What I didn’t make clear in my first piece of writing, and I want to correct here, is that this isn’t on individual families or women. I never meant to say that each couple who gets a diagnosis of Down Syndrome should “take one for the team” and go through with the pregnancy just because some blogger in NZ decided to get moralistic with them. It would be a cruel and unfair thing to say that, to insist that people feel guilt over their decision as if it all relied on them.
What I was trying to say was that, when considering this choice, wouldn’t it be amazing if the thought of how much financial, social, emotional pressure and stress that is associated with having a child with special needs wasn’t something you had to weigh up, because our communities and society already had those supports in place?
Make whatever decision you want. What I was saying, was when you add in Down Syndrome or any special needs condition to the mix to in utero results, it would be fantastic, mind blowing and maybe unrealistic, to hope that you knew that all else aside, you and your baby would be taken care of throughout the entire of your and their lives if you chose to go through with the pregnancy.
But we don’t know that, because it’s not true. Parents and women know that when they get that diagnosis, in utero or not, there are areas of their lives where they are going to be left blowing in the wind by our government. We’ve already seen in the last few weeks, parents of special needs children rallying together to try to keep some strength in an already disintegrating special needs education system. These things are part of our decision making process, because they are real. I’m not denying that.
I wrote that piece because I hate that these things are real, not because I want to make anyone feel guilty for their own personal choices. Choices that I freely admit that I would have made myself. Me saying that my frame of reference has shifted and I wouldn’t do it a second time doesn’t mean I judge those who would. It just means I miss my daughter like nothing else and would walk over an open fire to get her back.

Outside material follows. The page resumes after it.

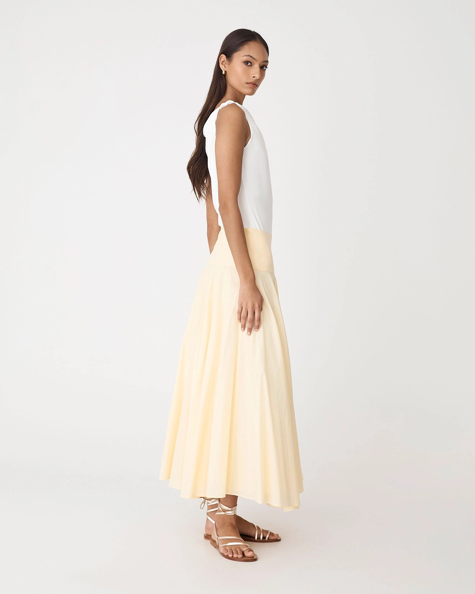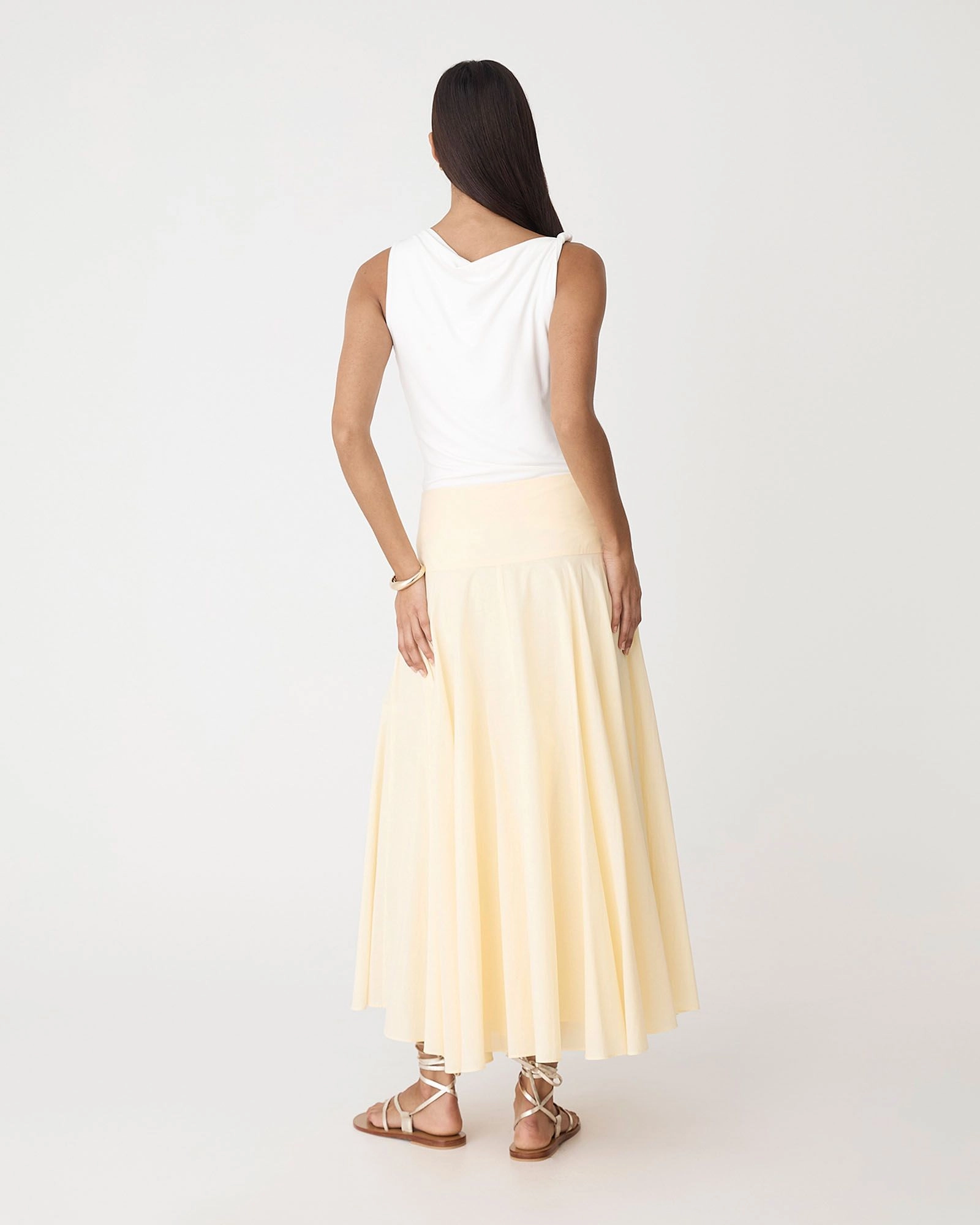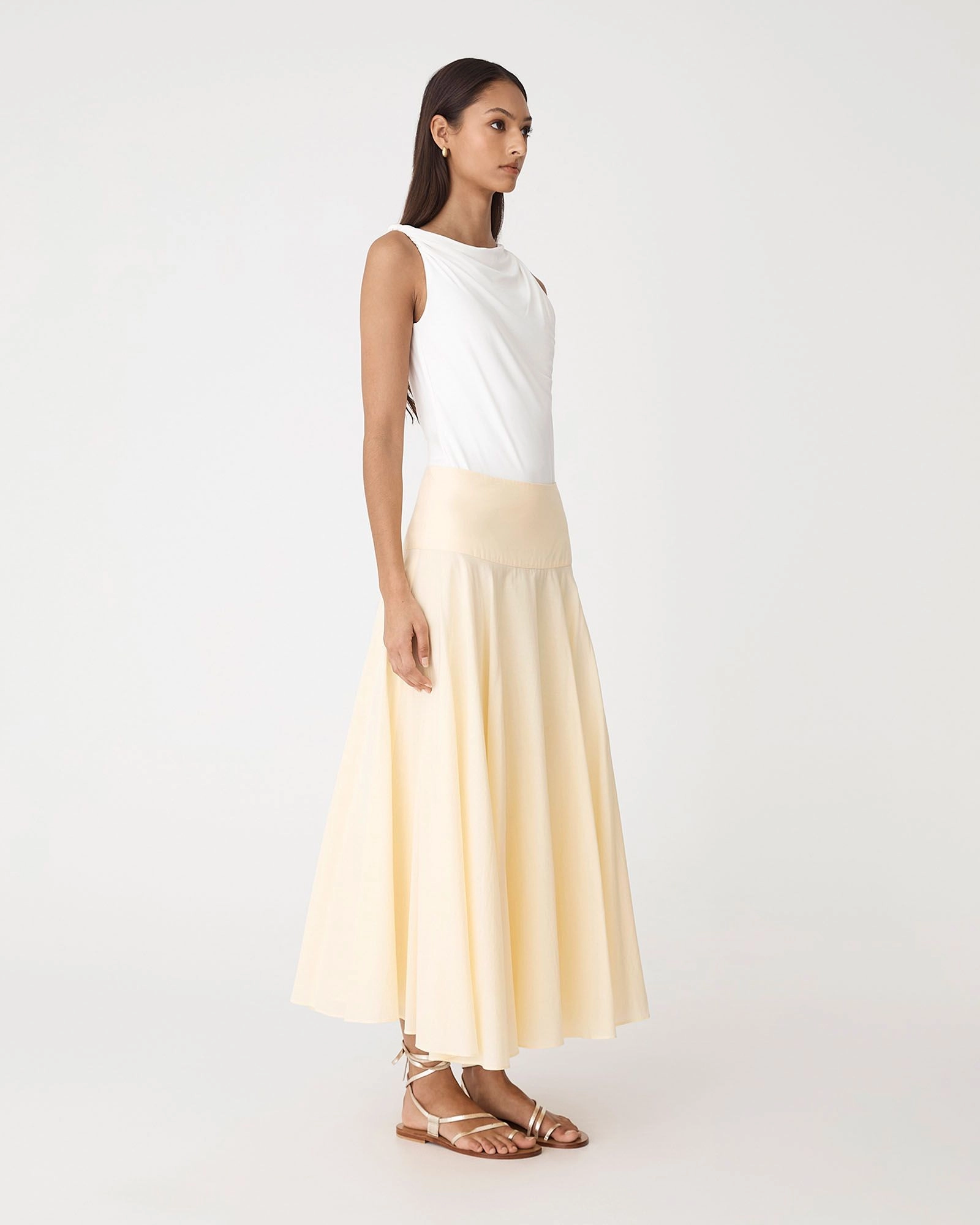 The Deb Cotton Midi Full Skirt, is made from 100% Cotton and features a low to mid drop waist design. Designed with a midi length, invisible side zipper, and full lining, it offers a classic, versatile silhouette perfect for office to after hours styling.

So today, I want to acknowledge anyone I hurt. I am in an online group of mothers where we talk about how to be respectful to each other, because we all know online communication can be a minefield. One of the things we talk about sometimes is how when someone is hurt, it’s dismissive to just say “I didn’t intend to hurt you,” and expect that that be enough. It makes it seem like their hurt is on no one and no responsibility needs to be taken. In this case, I want to say while I didn’t intend the message that some read into my piece, I am still very sorry for causing that hurt. It’s a lesson for me that when I’m writing about such a heated and emotionally triggering topic I should think through my language choices and process carefully.
I was worried, in writing that piece, that I was laying myself too bare, but I see that that wasn’t the issue, the issue was I was thinking through an issue in writing that is too dangerous to do that with. I was doing what I often do with writing, which is to figure out what I think and feel through the process of writing, but this issue wasn’t the place to do that.

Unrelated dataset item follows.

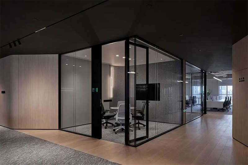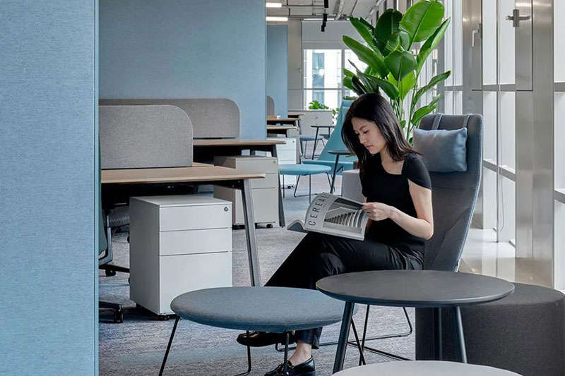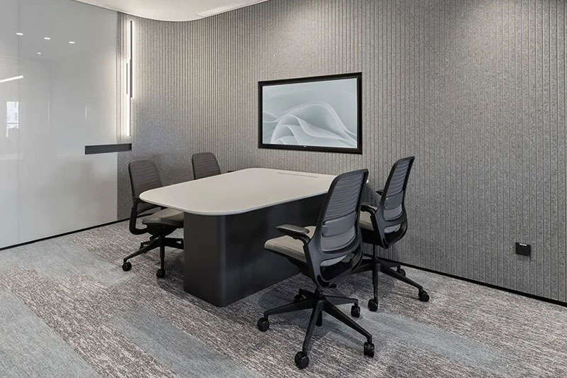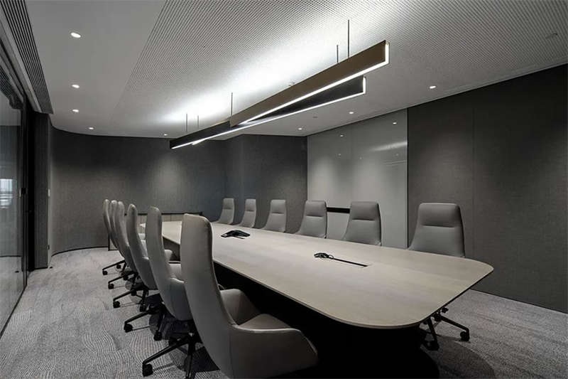 进入会议空间,设计师刻意控制它的视觉张力,前区的体验得以延续,灰黑色调覆盖目力所及并引入更多的柔性材料,专业、专注是会议空间的功能立本但也不乏我们对活力元素的照拂,每一个会议室我们都选择了形式各样的蓝色地毯来装点。

I needed to find that place where I could be both a feminist and a special needs advocate and have those two worlds work together in my mind before I put it on paper.
So if I upset you with my words, I’m sorry. I will continue to write and to talk and to problem solve. Neither of these issues is one that should be silenced. I appreciate all the points of view that were expressed yesterday. It helped me to be a better feminist and a better writer.